THE INPUT ▸
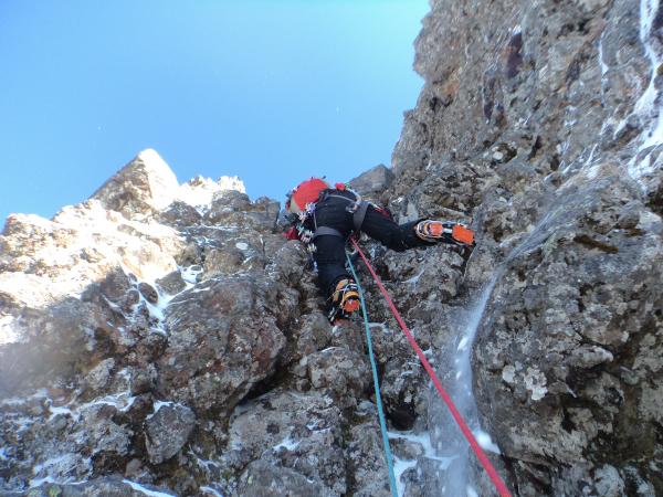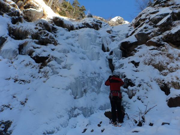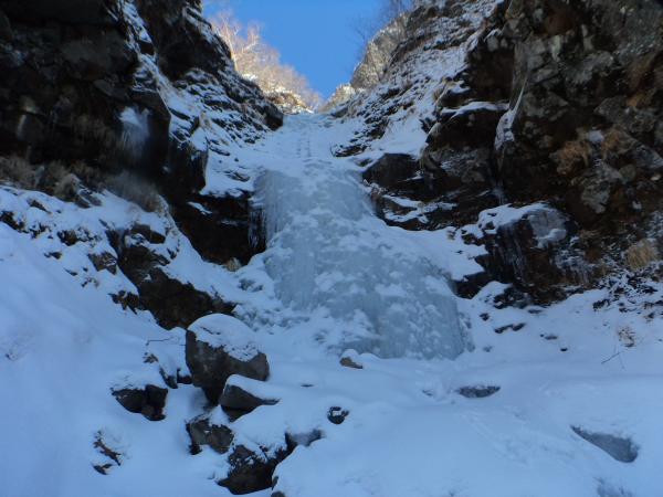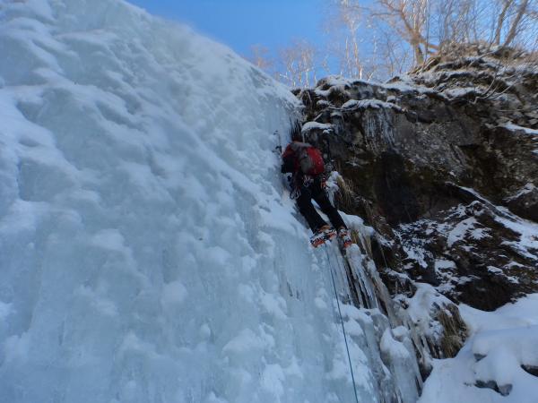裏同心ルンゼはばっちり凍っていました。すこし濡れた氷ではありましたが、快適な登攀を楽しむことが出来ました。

* * *

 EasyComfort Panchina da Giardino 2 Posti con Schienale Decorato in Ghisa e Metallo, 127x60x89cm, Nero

--

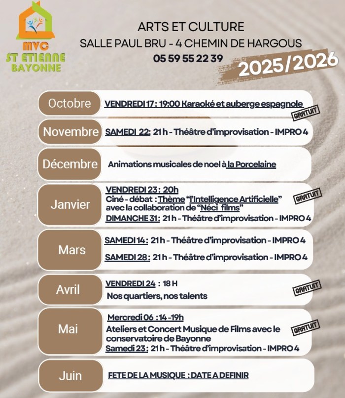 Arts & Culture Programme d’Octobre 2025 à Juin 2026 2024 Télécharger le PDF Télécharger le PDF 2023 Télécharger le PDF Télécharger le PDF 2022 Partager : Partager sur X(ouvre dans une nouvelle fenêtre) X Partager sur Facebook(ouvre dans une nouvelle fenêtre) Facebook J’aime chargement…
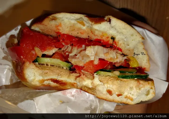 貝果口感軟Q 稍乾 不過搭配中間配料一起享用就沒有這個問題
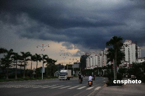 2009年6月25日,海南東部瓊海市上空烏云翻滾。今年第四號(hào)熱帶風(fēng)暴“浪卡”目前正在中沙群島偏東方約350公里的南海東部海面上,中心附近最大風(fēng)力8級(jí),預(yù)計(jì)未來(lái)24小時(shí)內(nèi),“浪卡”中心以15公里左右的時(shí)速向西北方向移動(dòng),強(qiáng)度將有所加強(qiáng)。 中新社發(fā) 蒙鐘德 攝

EXERCISE ▸ Write out exactly the lines above between the one with "Arts & Culture" and the one with "中新社發(fā) 蒙鐘德 攝", inclusive, with pictures left out.

COMPLETED EXERCISE ▸
 Arts & Culture Programme d’Octobre 2025 à Juin 2026 2024 Télécharger le PDF Télécharger le PDF 2023 Télécharger le PDF Télécharger le PDF 2022 Partager : Partager sur X(ouvre dans une nouvelle fenêtre) X Partager sur Facebook(ouvre dans une nouvelle fenêtre) Facebook J’aime chargement…
 貝果口感軟Q 稍乾 不過搭配中間配料一起享用就沒有這個問題
 2009年6月25日,海南東部瓊海市上空烏云翻滾。今年第四號(hào)熱帶風(fēng)暴“浪卡”目前正在中沙群島偏東方約350公里的南海東部海面上,中心附近最大風(fēng)力8級(jí),預(yù)計(jì)未來(lái)24小時(shí)內(nèi),“浪卡”中心以15公里左右的時(shí)速向西北方向移動(dòng),強(qiáng)度將有所加強(qiáng)。 中新社發(fā) 蒙鐘德 攝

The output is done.